N’eût été cette médiation réussie par le bâtonnier, Me BEUGRE Adou Marcel, le juge Boiqui Kouadjo aurait commis à Simone Ehivet Gbagbo, des avocats d’office. En outre, il avait décidé de la juger en son absence, car elle refusait de comparaître. Mais là encore, Me Dadjé proteste vigoureusement : « La commission d’avocat d’office par la cour d’Assises est non avenue, car depuis le 1er janvier 2015 conformément à l’article 43 du règlement numéro 5 de l’UEMOA, aucune juridiction ne peut commettre d’avocat d’office.

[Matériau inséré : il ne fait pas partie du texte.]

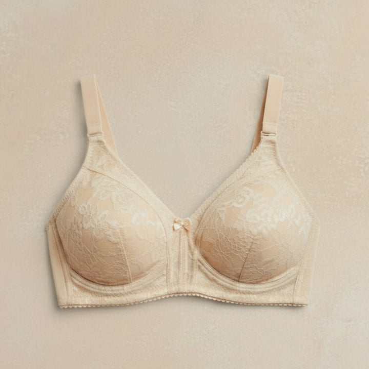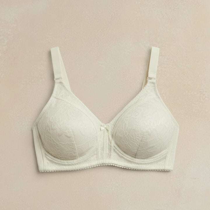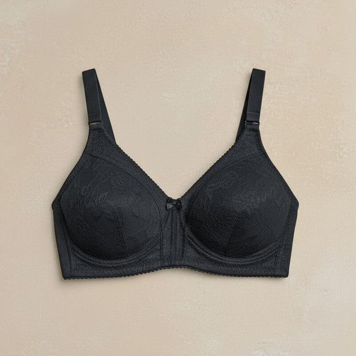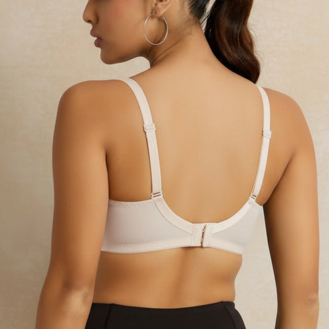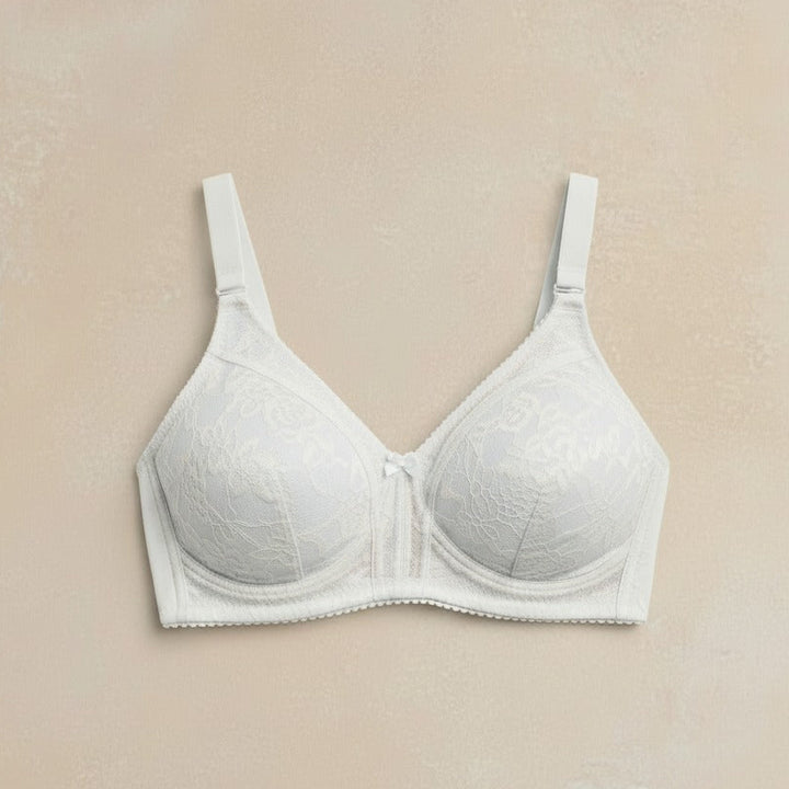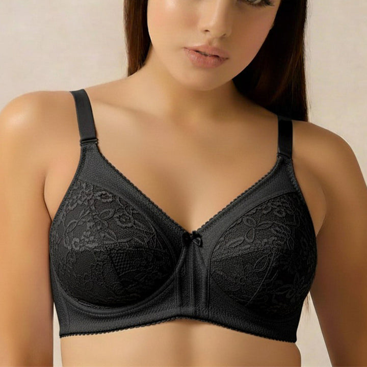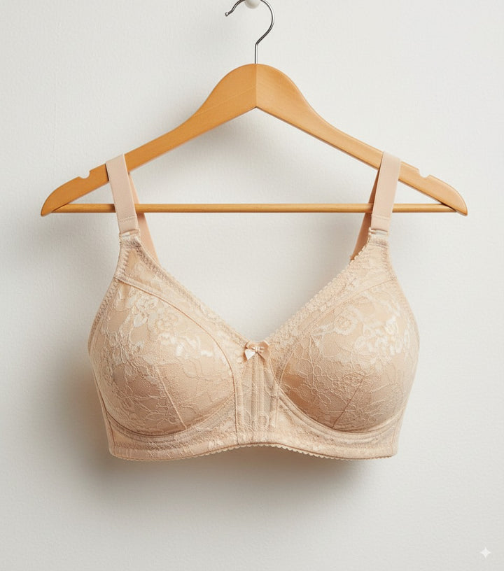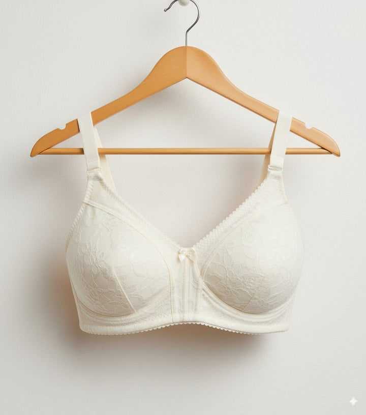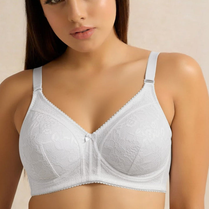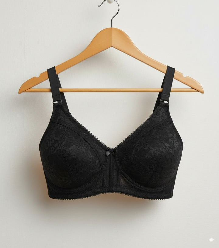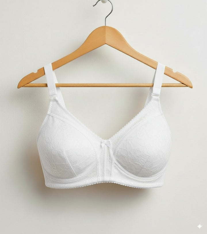 Premium Cotton Bra featuring non padded, soft wireless support, breathable fabric, and floral cup design for everyday elegance. Includes adjustable straps and 3-hook closure for a secure, customized fit. Ideal for women seeking comfort, skin-friendly material, and stylish full coverage. Perfect daily bra for sensitive skin and all-day wear.

Cela relève exclusivement du bâtonnier de l’ordre des avocats. »

Que cache réellement ce retour au procès de l’épouse de Gbagbo Laurent ? Les personnalités citées par la défense auraient-elles accepté enfin de déposer ? Les avocats auraient-ils accepté de se passer de leurs témoignages, même s’ils les jugent nécessaires pour faire éclater la vérité ?

En attendant de trouver des réponses à ces interrogations qui taraudent les esprits, le procès redémarre ce lundi 28 novembre. Notons que Mme Gbagbo est poursuivie devant la cour d’Assises pour crimes de guerre et crimes contre l’humanité. Elle fait déjà l’objet d’une première condamnation de 20 ans de réclusion pour atteinte à la sûreté de l’État.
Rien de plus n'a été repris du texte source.